Hello,
Do you have any guidance on how to read large files of size around 150 GB?
I am trying to follow this, any other advice?
https://www.ovito.org/manual/python/introduction/advanced_topics.html#using-ovito-with-python-s-multiprocessing-module
How many cores should be used for reading the file?
Thank you
Reading/parsing the file is a single-core CPU operation. The question is what comes after that? What do you want to do with the dataset after it is loaded? For sure you’ll need a machine with a lot of RAM to process such a dataset, and not all functions of OVITO run multi-threaded or support billions of particles.
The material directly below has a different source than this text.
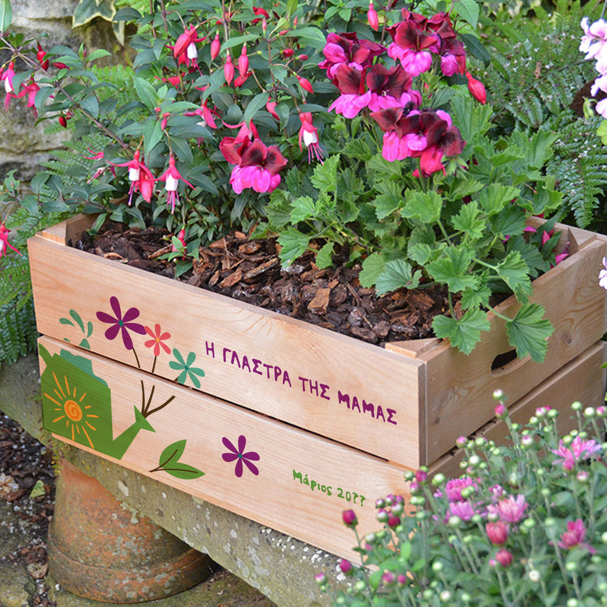 Το Δώρο Ξύλινη Γλάστρα, με Ονόματα ειναι το διαφορετικό ανοιξιάτικο, καλοκαιρινο, φθινοπωρινο, χειμωνιατικο δωρο για κάθε φιλη, φίλο ή συγγενή, που εχει την γιορτη του η τα γενεθλια του!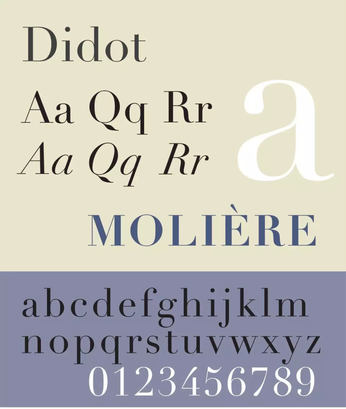 Didot adalah font serif yang memiliki gaya mewah dan glamor. Font ini dibuat oleh seorang pencetak Prancis bernama Firmin Didot pada abad ke-18. Font ini memiliki ujung huruf yang tipis dan tajam, dan lekukan huruf yang dramatis.

I need OVITO to read the dump files and extract the ID, position to be processed later.
If OVITO reading is a single-core operation, then is it faster to process it via bash?
I’m not entirely sure what you’re trying to achieve. Could you clarify your goal? Is this question about maximizing I/O performance or minimizing your own effort?
If your aim is to extract particle IDs and positions from a large dump file, you could simply use the OVITO Python module for loading the file and accessing the data as NumPy views. Here’s a basic example:
from ovito.io import import_file
data = import_file('file.dump').compute()
positions = data.particles.positions[...]
ids = data.particles.identifiers[...]
I’m also not sure what you meant by “process it via bash”. Bash is a shell, not an actual program for processing data files. Maybe you had the awk
or sed
commands in mind?